▶ **Problem statement**
Within the material below, locate the line with "2) Blooming Forsythia" and the line with "B 74 - D 35", then return those two lines and all lines between them, exactly as written.

▶ **Study material**
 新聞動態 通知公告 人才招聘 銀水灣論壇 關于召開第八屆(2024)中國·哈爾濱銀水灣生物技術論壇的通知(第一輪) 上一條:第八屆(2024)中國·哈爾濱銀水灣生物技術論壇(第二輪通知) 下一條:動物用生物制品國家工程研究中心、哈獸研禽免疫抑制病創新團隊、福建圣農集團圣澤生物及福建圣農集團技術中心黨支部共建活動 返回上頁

...

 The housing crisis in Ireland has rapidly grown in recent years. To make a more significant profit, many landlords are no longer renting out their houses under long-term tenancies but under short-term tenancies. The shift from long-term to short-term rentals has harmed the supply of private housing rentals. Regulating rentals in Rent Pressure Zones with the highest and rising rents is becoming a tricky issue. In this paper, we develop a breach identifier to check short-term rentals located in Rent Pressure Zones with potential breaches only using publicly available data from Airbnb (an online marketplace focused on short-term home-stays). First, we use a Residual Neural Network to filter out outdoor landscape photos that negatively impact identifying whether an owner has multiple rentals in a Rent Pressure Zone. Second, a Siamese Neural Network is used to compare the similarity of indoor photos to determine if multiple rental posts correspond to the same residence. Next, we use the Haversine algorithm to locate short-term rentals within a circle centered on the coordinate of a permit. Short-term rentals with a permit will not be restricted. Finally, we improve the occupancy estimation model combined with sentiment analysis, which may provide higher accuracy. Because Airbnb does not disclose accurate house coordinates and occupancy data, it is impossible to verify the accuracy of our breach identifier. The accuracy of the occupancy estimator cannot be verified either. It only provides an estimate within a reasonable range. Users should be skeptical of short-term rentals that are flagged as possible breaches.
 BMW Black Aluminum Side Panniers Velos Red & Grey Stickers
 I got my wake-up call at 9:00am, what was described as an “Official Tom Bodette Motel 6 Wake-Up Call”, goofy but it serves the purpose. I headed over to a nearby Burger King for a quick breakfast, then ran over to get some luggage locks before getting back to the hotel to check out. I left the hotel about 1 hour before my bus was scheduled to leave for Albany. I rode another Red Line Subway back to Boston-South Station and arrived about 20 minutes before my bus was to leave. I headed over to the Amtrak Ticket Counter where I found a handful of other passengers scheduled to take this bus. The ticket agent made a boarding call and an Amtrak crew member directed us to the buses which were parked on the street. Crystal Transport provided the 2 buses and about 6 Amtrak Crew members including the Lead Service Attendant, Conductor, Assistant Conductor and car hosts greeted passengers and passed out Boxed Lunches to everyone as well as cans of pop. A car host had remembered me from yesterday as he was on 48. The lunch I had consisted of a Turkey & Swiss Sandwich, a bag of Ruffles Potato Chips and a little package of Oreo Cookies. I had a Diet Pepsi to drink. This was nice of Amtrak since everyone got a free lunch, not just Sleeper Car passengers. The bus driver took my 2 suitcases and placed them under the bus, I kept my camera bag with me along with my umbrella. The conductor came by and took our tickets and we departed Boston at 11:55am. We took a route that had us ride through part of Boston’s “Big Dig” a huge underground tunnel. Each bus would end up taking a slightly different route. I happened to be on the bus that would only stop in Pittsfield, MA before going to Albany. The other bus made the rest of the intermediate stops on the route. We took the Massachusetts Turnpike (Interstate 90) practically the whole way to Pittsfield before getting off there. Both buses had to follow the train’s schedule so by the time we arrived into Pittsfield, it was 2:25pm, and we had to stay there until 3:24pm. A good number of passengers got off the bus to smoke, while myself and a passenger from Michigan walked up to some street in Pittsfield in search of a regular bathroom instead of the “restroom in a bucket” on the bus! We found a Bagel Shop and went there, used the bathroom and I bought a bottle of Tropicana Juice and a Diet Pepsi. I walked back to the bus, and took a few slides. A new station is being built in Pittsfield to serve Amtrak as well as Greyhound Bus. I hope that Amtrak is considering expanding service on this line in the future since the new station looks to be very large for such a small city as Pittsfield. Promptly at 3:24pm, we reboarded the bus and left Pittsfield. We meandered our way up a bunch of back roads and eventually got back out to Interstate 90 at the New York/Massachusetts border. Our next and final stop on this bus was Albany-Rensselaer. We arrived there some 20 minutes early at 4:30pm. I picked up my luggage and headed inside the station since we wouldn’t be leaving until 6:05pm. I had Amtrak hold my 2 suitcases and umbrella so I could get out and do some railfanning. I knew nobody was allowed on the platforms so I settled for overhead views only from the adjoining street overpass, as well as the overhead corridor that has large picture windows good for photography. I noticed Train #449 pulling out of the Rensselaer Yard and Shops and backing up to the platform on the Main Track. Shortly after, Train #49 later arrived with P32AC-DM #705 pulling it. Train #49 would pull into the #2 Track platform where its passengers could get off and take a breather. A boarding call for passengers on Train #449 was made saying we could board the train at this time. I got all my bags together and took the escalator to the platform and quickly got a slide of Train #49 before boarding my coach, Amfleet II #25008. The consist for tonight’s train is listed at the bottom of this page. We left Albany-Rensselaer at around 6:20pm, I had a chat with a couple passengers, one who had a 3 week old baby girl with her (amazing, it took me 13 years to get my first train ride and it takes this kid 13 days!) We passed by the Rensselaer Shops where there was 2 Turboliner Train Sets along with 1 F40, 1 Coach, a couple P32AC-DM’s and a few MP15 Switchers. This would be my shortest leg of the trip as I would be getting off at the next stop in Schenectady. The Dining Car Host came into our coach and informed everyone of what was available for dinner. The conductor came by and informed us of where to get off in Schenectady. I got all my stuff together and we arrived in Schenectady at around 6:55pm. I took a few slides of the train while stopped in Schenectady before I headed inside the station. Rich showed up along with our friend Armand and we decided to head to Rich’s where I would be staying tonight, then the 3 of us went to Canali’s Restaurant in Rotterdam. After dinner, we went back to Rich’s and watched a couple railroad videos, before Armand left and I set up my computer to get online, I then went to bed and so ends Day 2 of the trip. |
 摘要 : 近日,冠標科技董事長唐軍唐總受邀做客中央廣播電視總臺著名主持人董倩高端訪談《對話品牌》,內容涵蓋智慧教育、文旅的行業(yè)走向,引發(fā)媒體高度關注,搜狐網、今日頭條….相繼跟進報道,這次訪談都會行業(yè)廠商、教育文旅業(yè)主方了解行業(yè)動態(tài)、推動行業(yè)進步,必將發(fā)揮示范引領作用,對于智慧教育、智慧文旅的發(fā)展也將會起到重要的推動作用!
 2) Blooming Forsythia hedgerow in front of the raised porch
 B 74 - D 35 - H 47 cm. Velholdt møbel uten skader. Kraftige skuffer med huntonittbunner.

▶ **Task response**
 2) Blooming Forsythia hedgerow in front of the raised porch
 B 74 - D 35 - H 47 cm. Velholdt møbel uten skader. Kraftige skuffer med huntonittbunner.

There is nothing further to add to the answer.